Immortels ...

Publié le par Your.mountains

 " Celui qui n'est pas prêt a affronter la mort au terme de sa vie, ne sera pas en paix quand tombera la nuit ". 

Indiens Chippewa du lac Huron.

 

73 20 sept 2005

Le 20 septembre 2005, avec Jean Noël et Nico au sommet du Cho Oyu, 8200m.

 

20 septembre 2010 ... encore un anniversaire, juste une journée de plus, pas de moins, de plus !

Comment ne pas regarder en arrière ? Comment ne pas se poser de questions sur cette histoire qui nous colle à la peau, notre histoire propre, ce que nous vivons et ce qu'il nous reste à vivre, ce que, tous les jours, nous créons ?

Il y a 5 ans, j'étais au sommet d'une montagne, mon rêve prenait forme, la forme d'une amitié forte, d'une complicité improbable entre celui qui avait vu mon frère pour la dernière fois, et moi, la tête pleine de ce rêve commun.

 

71 bientot

Avec Jeanno ...

 

Depuis, le temps a fait son oeuvre, comme toujours, parce qu'il est sans limites, sans frontières, et que toutes choses a une fin. 

Cette fin, nous la choisissons, nous ne vivons que pour elle, ce que nous faisons au quotidien dépend de ce que nous voulons laisser. 

 

Cela fait longtemps maintenant que j'ai choisi mon cap, j'en dévie de temps à autre, comme tout le monde, mais j'y reviens toujours. Et je ne vivrais que pour me battre, parce que la vie est un don, et qu'il ne faut jamais refuser un cadeau !

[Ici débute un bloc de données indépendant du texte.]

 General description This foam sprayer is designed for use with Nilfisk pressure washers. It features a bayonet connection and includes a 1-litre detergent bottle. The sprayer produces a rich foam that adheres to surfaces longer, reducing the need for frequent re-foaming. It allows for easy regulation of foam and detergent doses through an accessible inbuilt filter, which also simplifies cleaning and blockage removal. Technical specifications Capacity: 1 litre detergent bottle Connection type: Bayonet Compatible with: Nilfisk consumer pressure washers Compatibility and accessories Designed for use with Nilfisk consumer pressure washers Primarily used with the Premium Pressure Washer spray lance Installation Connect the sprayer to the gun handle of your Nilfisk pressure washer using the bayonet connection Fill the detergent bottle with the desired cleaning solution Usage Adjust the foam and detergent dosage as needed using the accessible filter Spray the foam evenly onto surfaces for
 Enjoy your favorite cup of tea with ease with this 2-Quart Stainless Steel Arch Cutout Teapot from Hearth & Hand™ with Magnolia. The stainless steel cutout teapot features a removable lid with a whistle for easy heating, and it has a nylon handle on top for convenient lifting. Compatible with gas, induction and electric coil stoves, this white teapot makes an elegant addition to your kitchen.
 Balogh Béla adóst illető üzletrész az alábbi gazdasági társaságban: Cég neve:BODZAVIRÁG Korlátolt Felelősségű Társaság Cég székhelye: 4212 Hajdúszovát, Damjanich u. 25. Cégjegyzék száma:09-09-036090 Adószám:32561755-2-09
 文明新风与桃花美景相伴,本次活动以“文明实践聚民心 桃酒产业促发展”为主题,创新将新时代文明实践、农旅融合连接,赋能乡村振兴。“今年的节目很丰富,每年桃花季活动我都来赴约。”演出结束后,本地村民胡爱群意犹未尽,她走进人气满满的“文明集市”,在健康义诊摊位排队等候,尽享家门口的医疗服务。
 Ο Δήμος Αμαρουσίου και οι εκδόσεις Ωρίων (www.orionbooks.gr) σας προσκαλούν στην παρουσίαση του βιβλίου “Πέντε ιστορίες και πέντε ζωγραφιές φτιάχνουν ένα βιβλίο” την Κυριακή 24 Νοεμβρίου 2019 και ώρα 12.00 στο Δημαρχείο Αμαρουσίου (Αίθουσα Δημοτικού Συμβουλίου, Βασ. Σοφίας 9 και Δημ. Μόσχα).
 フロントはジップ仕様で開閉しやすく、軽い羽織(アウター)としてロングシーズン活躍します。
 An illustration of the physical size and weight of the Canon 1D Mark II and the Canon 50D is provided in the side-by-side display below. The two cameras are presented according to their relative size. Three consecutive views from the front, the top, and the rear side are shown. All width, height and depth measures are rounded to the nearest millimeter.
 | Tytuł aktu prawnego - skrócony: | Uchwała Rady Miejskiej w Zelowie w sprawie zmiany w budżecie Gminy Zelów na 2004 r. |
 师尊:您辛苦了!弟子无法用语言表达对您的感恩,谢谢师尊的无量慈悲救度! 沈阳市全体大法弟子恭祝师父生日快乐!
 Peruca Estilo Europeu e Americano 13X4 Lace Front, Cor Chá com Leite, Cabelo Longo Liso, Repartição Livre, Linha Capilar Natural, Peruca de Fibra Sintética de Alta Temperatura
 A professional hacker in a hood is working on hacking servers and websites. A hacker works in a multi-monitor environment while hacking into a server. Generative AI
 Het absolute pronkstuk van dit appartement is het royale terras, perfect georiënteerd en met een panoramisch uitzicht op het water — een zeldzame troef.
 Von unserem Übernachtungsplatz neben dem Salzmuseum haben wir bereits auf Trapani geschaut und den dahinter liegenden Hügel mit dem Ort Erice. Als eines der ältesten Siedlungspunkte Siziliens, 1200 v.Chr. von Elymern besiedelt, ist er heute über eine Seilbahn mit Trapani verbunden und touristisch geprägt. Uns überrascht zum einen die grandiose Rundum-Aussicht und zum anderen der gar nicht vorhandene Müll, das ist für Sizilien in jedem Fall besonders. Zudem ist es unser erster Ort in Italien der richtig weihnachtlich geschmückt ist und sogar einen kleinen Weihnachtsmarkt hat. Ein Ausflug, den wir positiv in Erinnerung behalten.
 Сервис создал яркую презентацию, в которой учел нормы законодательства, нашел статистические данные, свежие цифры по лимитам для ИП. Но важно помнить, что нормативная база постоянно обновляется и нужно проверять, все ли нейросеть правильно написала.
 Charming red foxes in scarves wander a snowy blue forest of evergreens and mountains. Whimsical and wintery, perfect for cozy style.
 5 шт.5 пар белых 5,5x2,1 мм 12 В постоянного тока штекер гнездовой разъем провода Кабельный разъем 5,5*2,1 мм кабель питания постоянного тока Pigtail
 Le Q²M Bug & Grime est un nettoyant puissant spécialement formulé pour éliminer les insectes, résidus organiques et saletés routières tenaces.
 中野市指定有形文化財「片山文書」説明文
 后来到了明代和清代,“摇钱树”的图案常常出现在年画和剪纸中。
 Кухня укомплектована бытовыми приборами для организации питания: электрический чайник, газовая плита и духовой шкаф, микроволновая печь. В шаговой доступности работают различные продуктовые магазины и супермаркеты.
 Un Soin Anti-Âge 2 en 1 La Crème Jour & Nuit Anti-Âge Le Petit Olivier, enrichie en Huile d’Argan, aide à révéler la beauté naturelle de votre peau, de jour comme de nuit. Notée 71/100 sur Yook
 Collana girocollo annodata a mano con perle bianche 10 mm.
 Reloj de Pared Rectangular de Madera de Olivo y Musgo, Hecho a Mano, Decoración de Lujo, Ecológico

C'est peut-être cela qu'on apprend si haut, que rien n'est anodin, que chaque élément, chaque sentiment, chaque émotion est fragile, et que nous ne pouvons nous permettre de perdre notre temps à autre chose qu'à le préserver.

Il est si dur d'affronter sa mort ! C'est pourtant la clé de la vie.

Je me souviens de la route qui nous avait mené à l'aplomb de cette montagne en ce mois de septembre 2005. Des tibétains bouchaient les nids de poule, des truelles dans les mains en guise de pelles, les tombes de leur famille se comptaient par dizaines au fond de la vallée.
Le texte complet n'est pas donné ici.